Thanks in advance. I have a data frame of family members and their relationship to the "head of household", and I'd like to count the number of unique combinations of family structures.
I can achieve this (likely in a roundabout way) by converting the data to a wide format and using ddply count, but this does not account for identical family structures that are in a different order. Like such:
familyMember <- c("son","son","Head of household","daughter","grandmother","Head of household","son",
"Head of household","son","son","daughter","grandmother","Head of household","son")
familyGroup <- c(1,1,1,2,2,2,2,3,3,3,4,4,4,4)
families <- data.frame(familyMember,familyGroup)

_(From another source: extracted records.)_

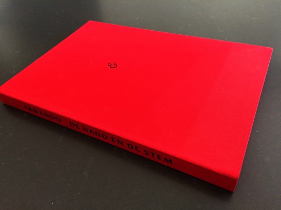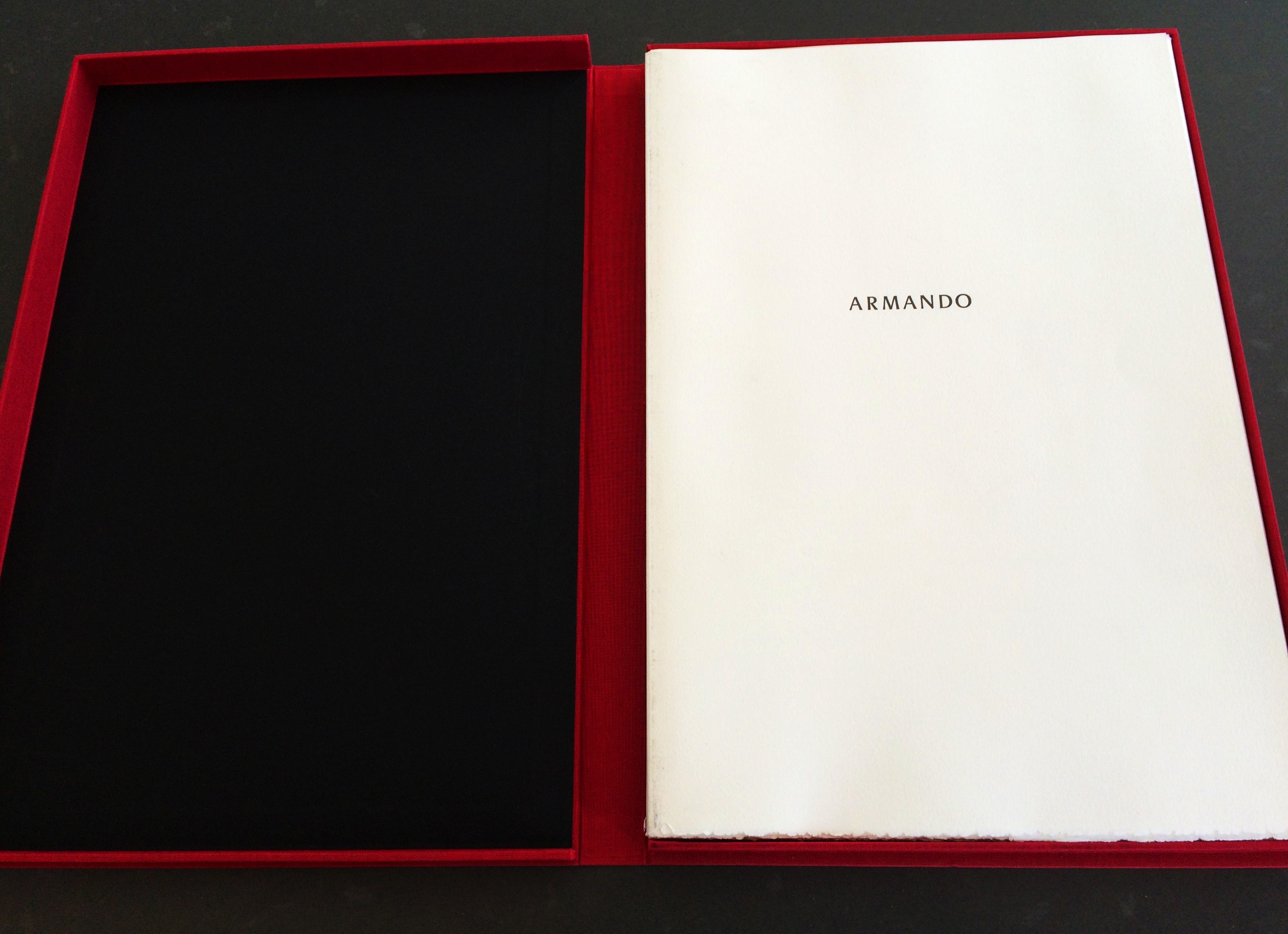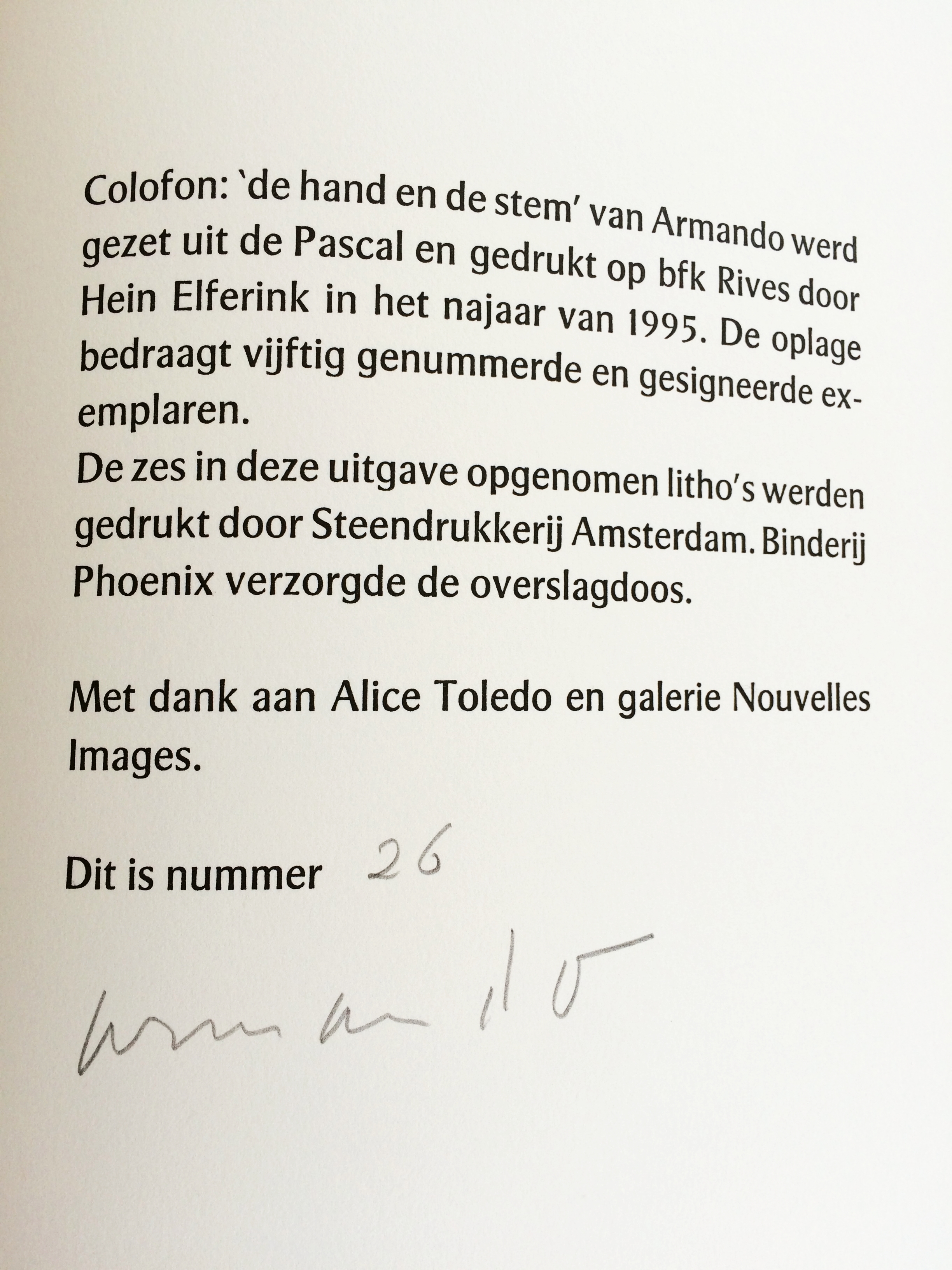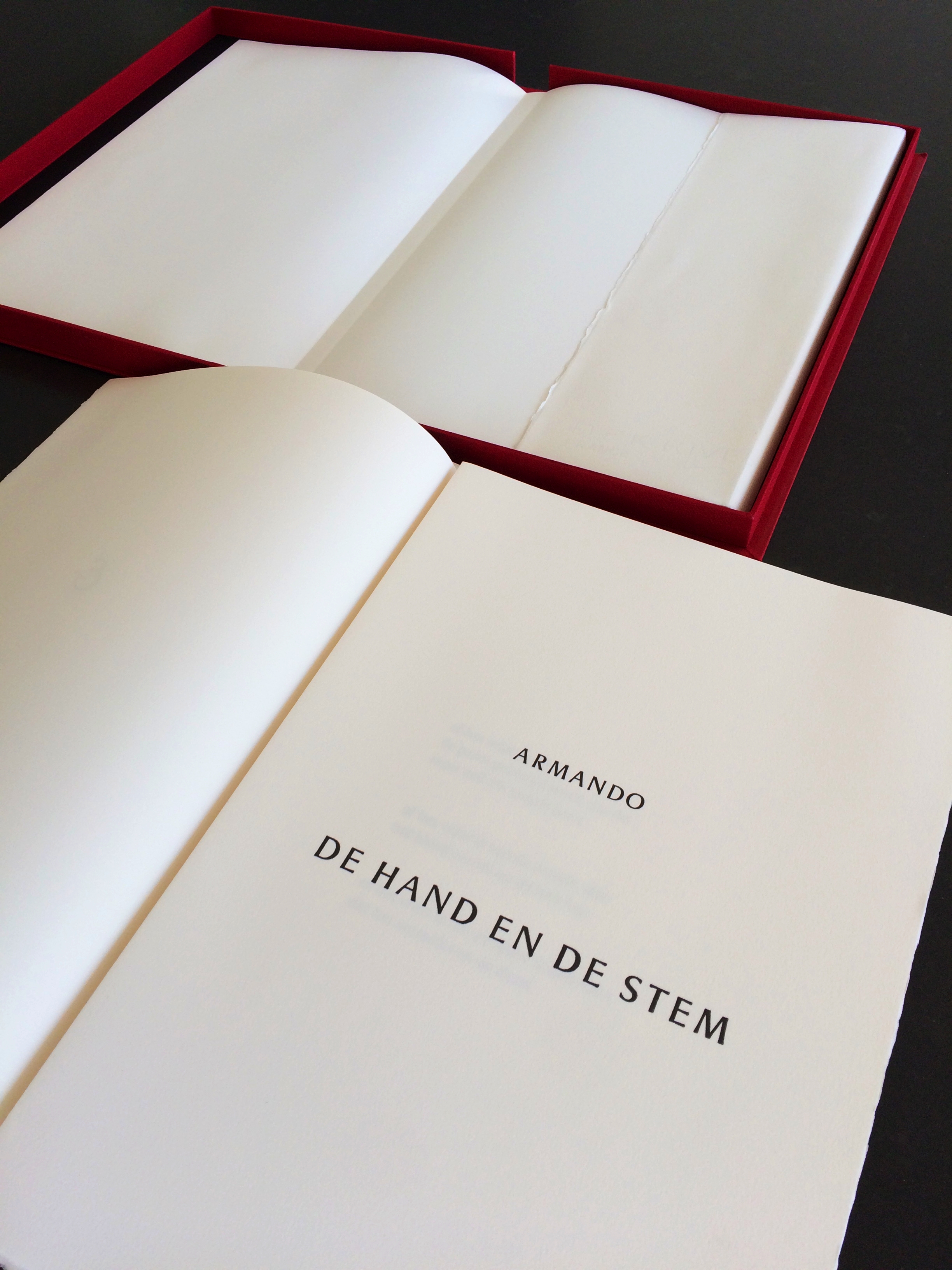 ARMANDO De hand en de stem. (Gedichten. Met zes losse, originele, genummerde en gesigneerde litho’s van de auteur). [Slingenberg], (Hein Elferink, 1995). 38,5 x 26,5 cm. Losse katernen in roodlinnen (deels zeer licht verschoten) overslagdoos (Binderij Phoenix). (60) p. Met de hand gezet uit de Pascal en gedrukt door Hein Elferink op geschept papier van bfk Rives in een oplage van 50 genummerde en gesigneerde exemplaren. 1e druk.
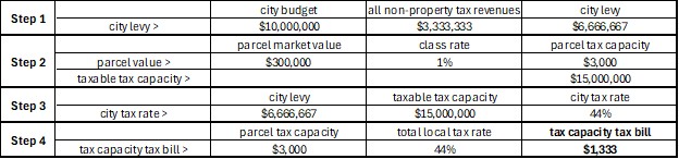 4) [parcel tax capacity] * [total local tax rate] = [tax capacity tax bill]
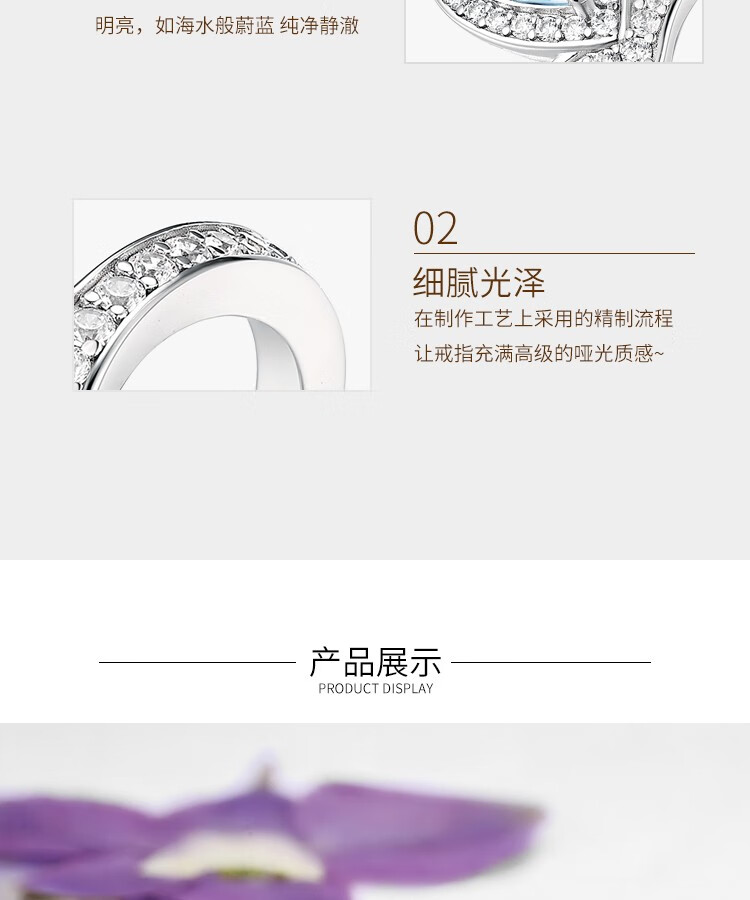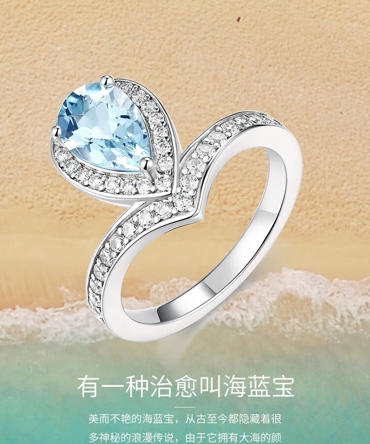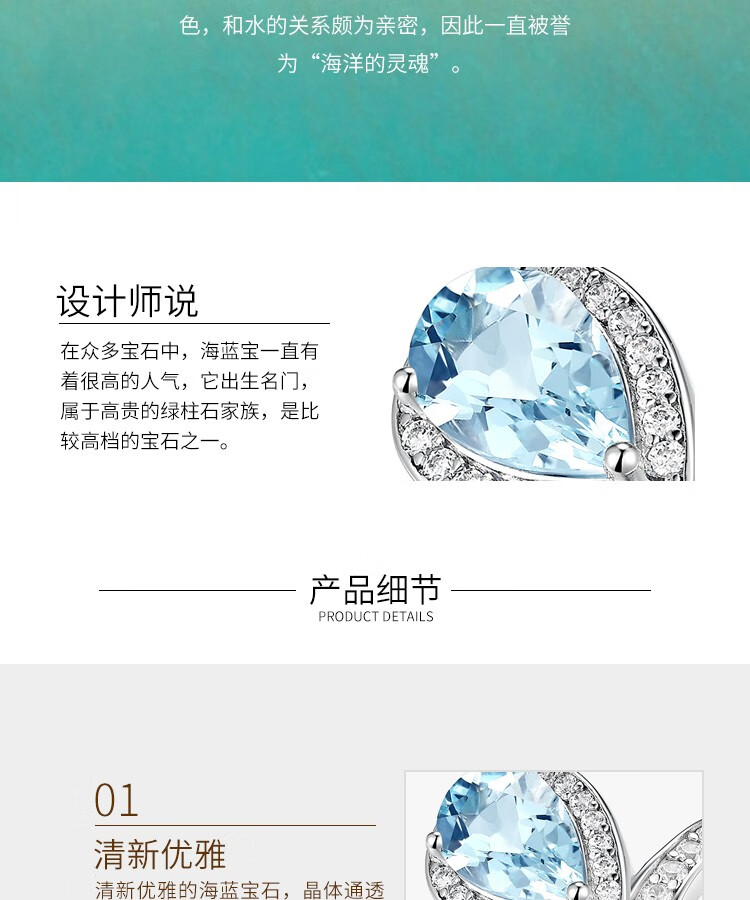 CAJJ Francois 1 carat aquamarine ring for women, natural colored gemstone jewelry, 925 silver inlaid with zircon, gemstone gift, No. 14
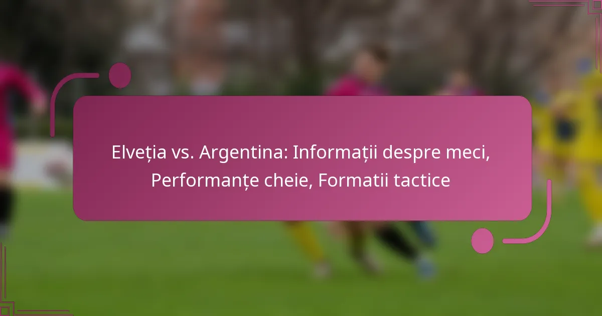 Elveția vs. Argentina: Informații despre meci, Performanțe cheie, Formatii tactice
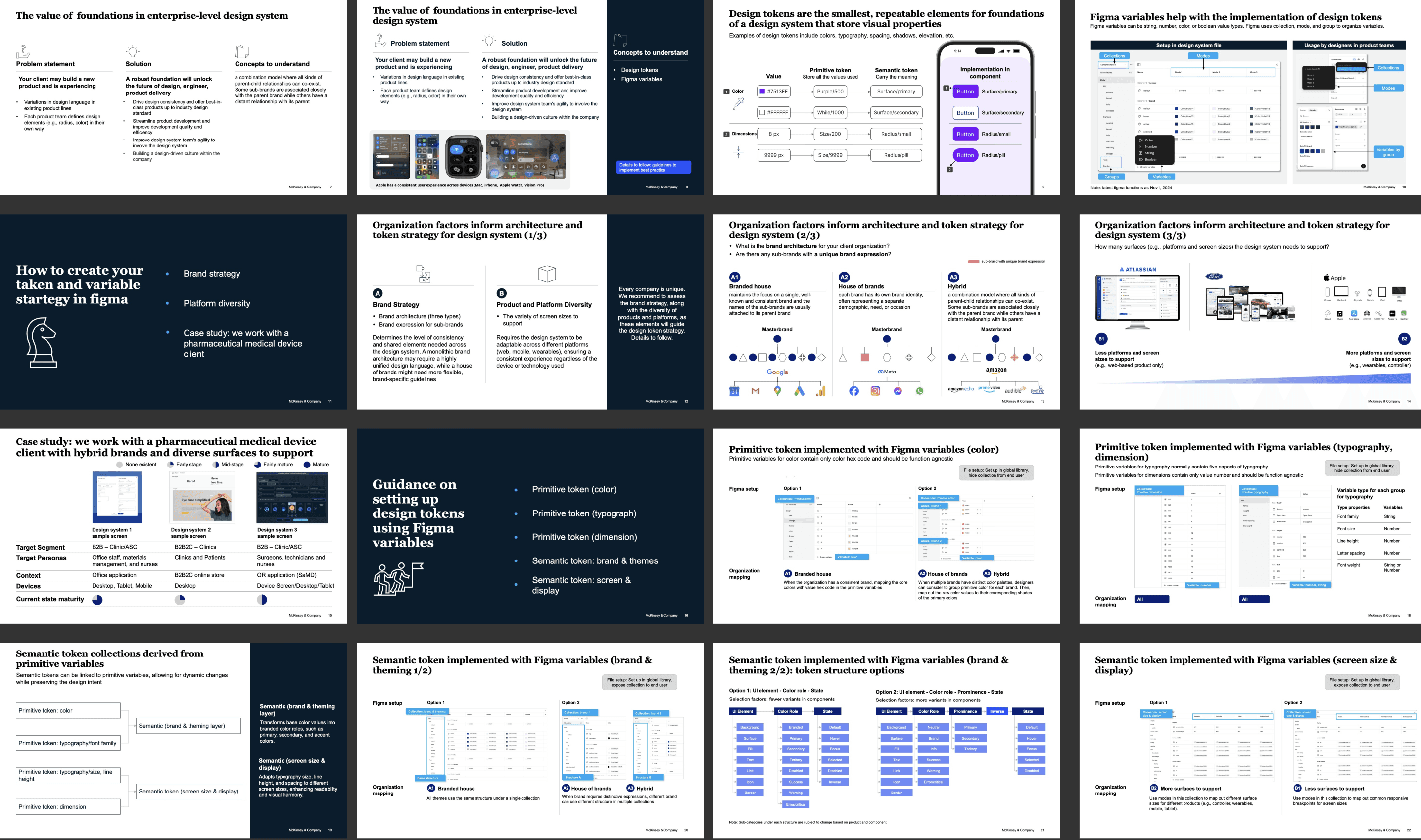 In parallel with the product work, I led the strategy for building the foundation for an enterprise-level design system across a highly fragmented ecosystem. The client operated multiple design systems at varying levels of maturity, supporting hybrid brands and a wide range of product surfaces. I established a scalable foundation by defining a token architecture aligned to brand hierarchy and surface-specific needs, enabling consistency without sacrificing flexibility. I then codified this approach into a playbook—How to Harmonize Design System Foundations—so any McKinsey teams could apply the framework to other clients facing similar problems.
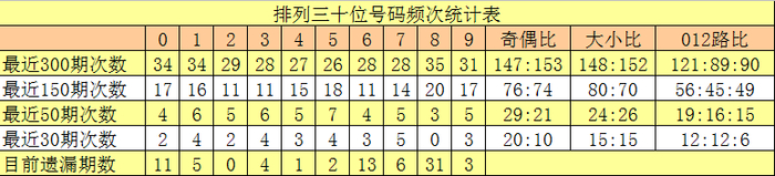 十位号码:前50期走势最活跃的号码为:5开出7个,1、3开出6个;走势最冷的号码为:8开出3个,0、6开出4个。十位号码012路比开出19:16:15,大小比开出24:26。本期十位排除两码:0、4,参考号码3、6、8,胆码关注6。
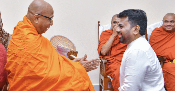 ජනාධිපති අනුර කුමාර දිසානායක මහතා නව වසරට ආශිර්වාද ලබාගැනීමේ අරමුණින් ශ්‍රී ලංකා රාමඤ්ඤ සහ අමරපුර මහා නිකායන්හි මහානායක හිමිවරුන් බැහැදකී.
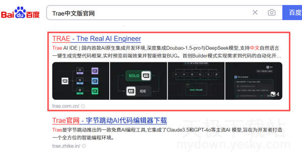 ○打开电脑浏览器,搜索“Trae中文版官网”,找到并打开官方网站。
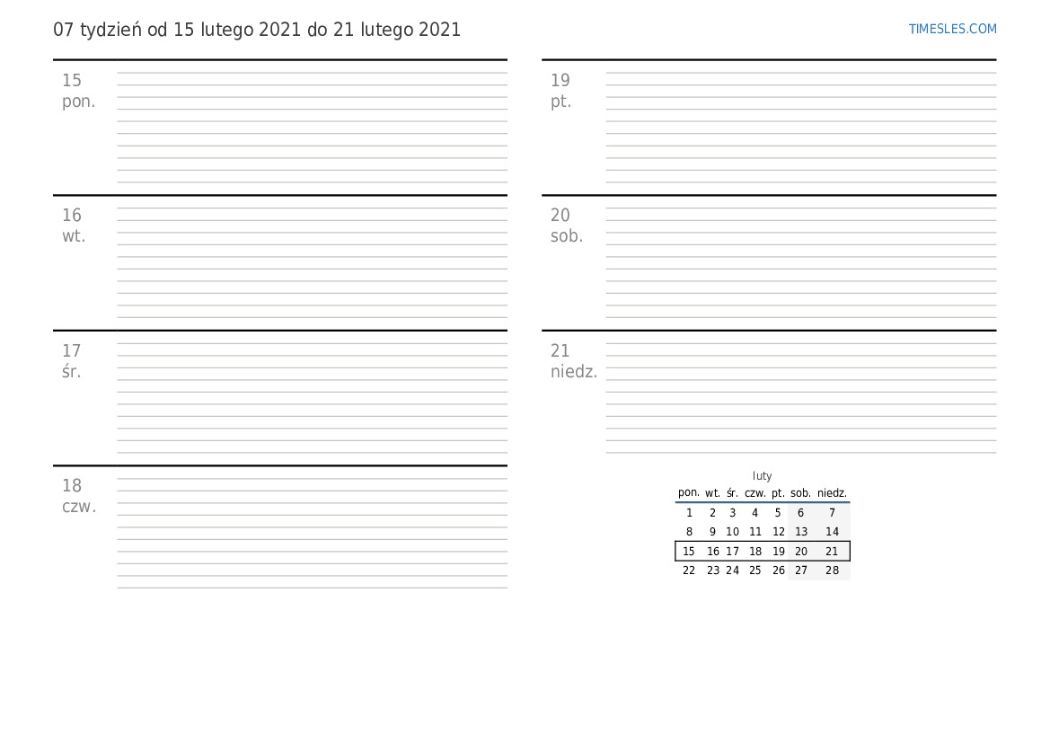 Pobierz i wydrukuj kalendarz w formacie PDF co tydzień na 07 tygodnie 2021 roku, od 15 lutego 2021 do 21 lutego 2021
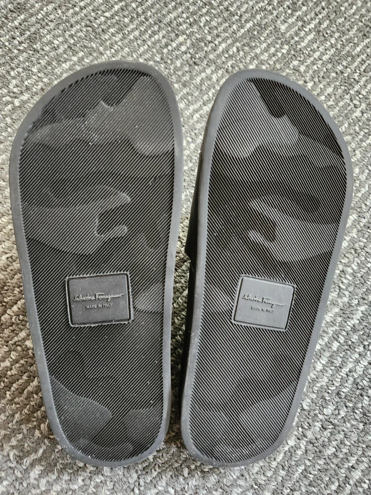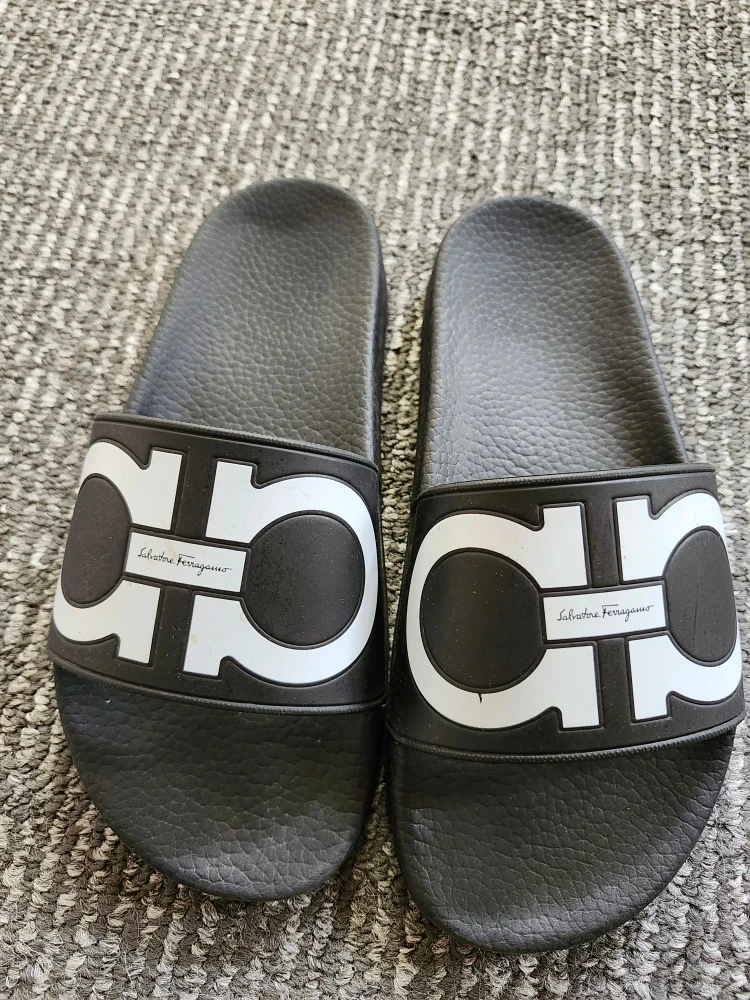 26Authentic Salvatore Ferragamo slide sandal, groove gancini with the brand's logo on the front strap. Ladies size 6., clean and in great shape,.
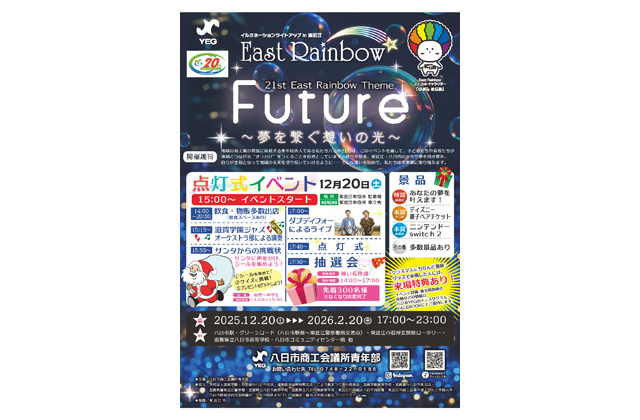 まちのにぎわい創出や地域経済の活性を目的に、八日市商工会議所青年部が東近江市の誕生を機に始めたイルミネーション。21回目を迎えた今年のテーマは「Future~夢を繋ぐ想いの光~」。地域の絆をさらに深め、子どもたちや若者たちが「ふるさと」への誇りと愛着を育むきっかけにと願いが込められている。
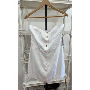 Reformation Strapless Sheila Linen Mini Dress White Size 10 Y2K Gold Button

Note that familyGroups '2' and '4' are exactly the same family structure in the same order. Note that familyGroups '1' and '3' are the same family structure but are in a different order. I then use dplyr to create an index that is the count of 'family member' for each 'family group'
familiesIndex <- ddply(families, .(familyGroup), mutate,
index = paste0('family', 1:length(familyGroup)))
Next I reshape to wide format:
familiesIndex_reshape <- reshape(familiesIndex, idvar = "familyGroup", timevar="index", direction = "wide")
Finally, I use count to get the number of unique combinations:
familiesIndex_reshape_Unique <- count(familiesIndex_reshape,
familyMember.family1,
familyMember.family2,
familyMember.family3,
familyMember.family4) %>% ungroup()
This leads to separate groups for familyGroups 1 and 3. I'd like these two groups to be counted as the same despite their order. Thanks so much, again.